In this article, we will see how to build and run a docker container from the Dockerfile.

Let’s write an example Dockerfile which contains the instructions on how to build the Docker image.

# Use an official Python runtime as a parent image
FROM python:3.7-slim

# Set the working directory to /app
WORKDIR /app

# Copy the current directory contents into the container at /app
COPY . /app

# Install any needed packages specified in requirements.txt
RUN pip install --trusted-host pypi.python.org -r requirements.txt

# Make port 80 available to the world outside this container
EXPOSE 80

# Define environment variable
ENV NAME World

# Run app.py when the container launches
CMD ["python", "app.py"]

The above Dockerfile starts by setting an official Python 3.7 image, sets the working directory to /app, copies the current directory into the container, installs the packages specified in requirements.txt, exposes port 80, sets an environment variable, and finally runs app.py when the container launches.

Building the docker image

We can docker build command to build the docker image. This command takes the path of the Dockerfile as an argument and builds the Docker image based on the instructions specified in the Dockerfile.

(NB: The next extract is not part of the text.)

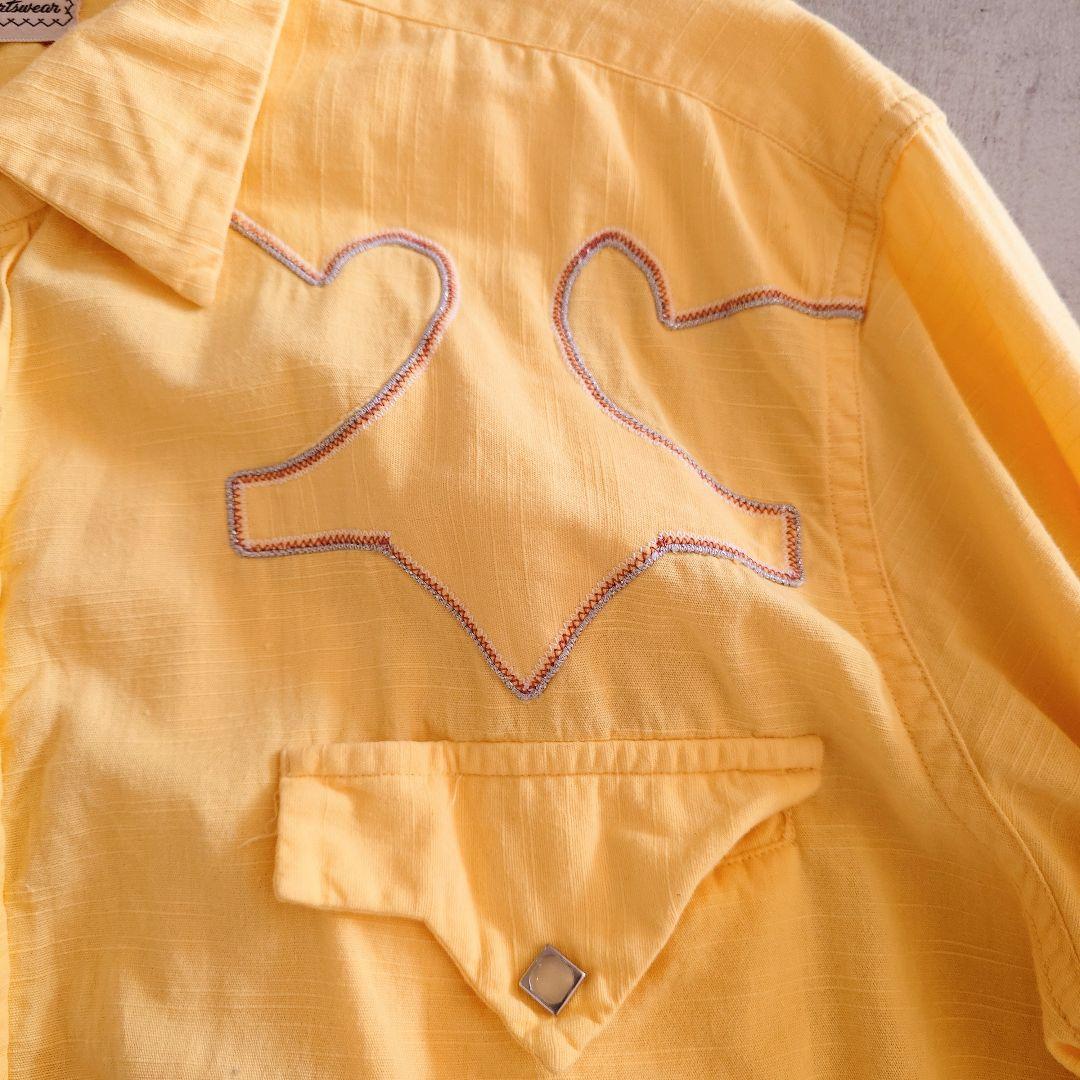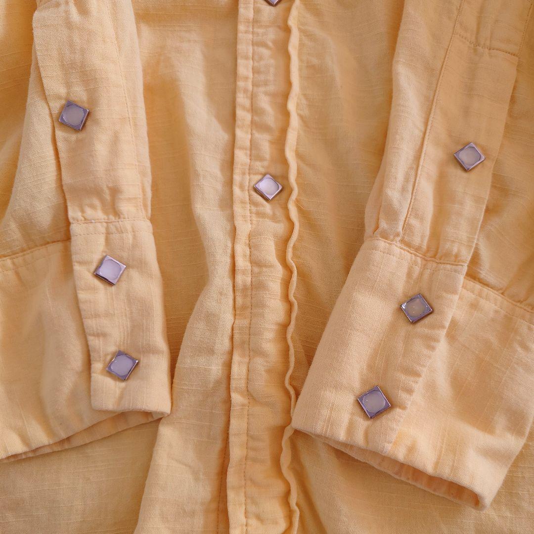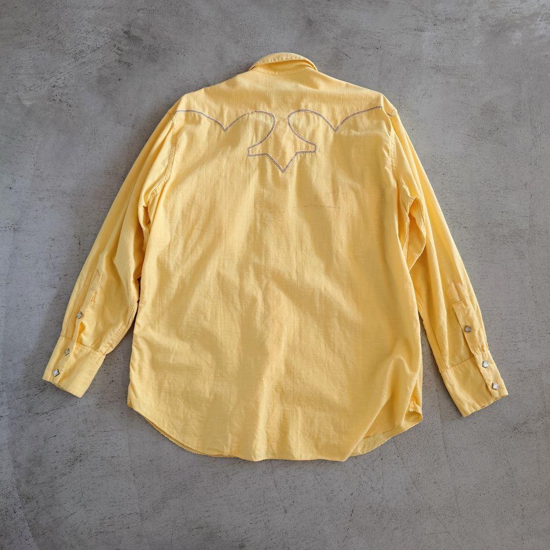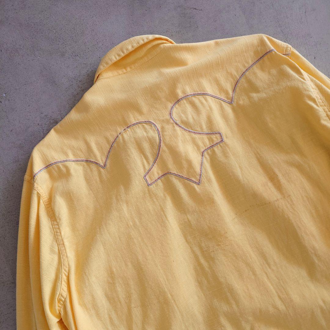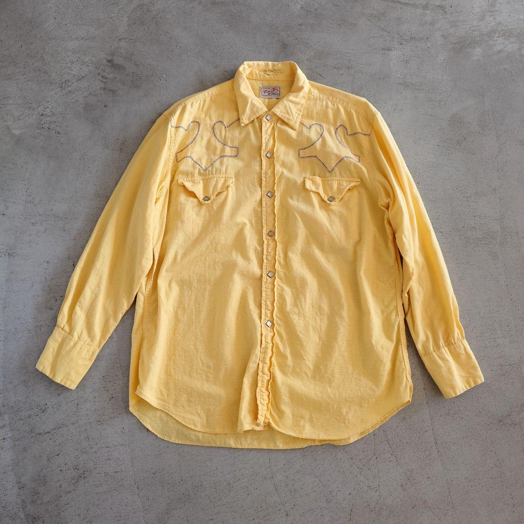 ■商品名Tem-Tex ウエスタンシャツ ■色イエロー ■サイズ16~161/2 ■肩幅 49 cm ■身幅58 cm ■着丈 78 cm ■袖丈 59 cm ■素材 コットン100 % ●商品説明 アメリカのウエスタンシャツメーカー Tem-Texの60年代のシャツになります。 こちらのブランドはウエスタンシャツにしては 珍しくウエストの絞りがなく通常のシャツのような シルエットで細くなりすぎず着やすい形です。 SPORTSWEARの刻印からファッションラインとして シルエットなど見直されて生産された商品では ないかと推測されます。 背中に汚れがございますので写真にてご確認ください。 スナップボタンすべてオリジナルで不良なしで 状態もいいです。

docker build -t my-flask-app .

The -t option in the above command tells about the name of the docker image and “.” indicates the location of the docker file which is nothing but the current directory.

Run the Docker container

Once the Docker image is built, we can use the docker run command to create and run the Docker container from the Docker image. Following is the command to run the docker container.

docker run -p 4000:80 my-flask-app

In the above command, -p specifies the port mapping i.e. port 4000 on the host machine is mapped to port 80 in the container and my-flask-app is the name of the Docker image.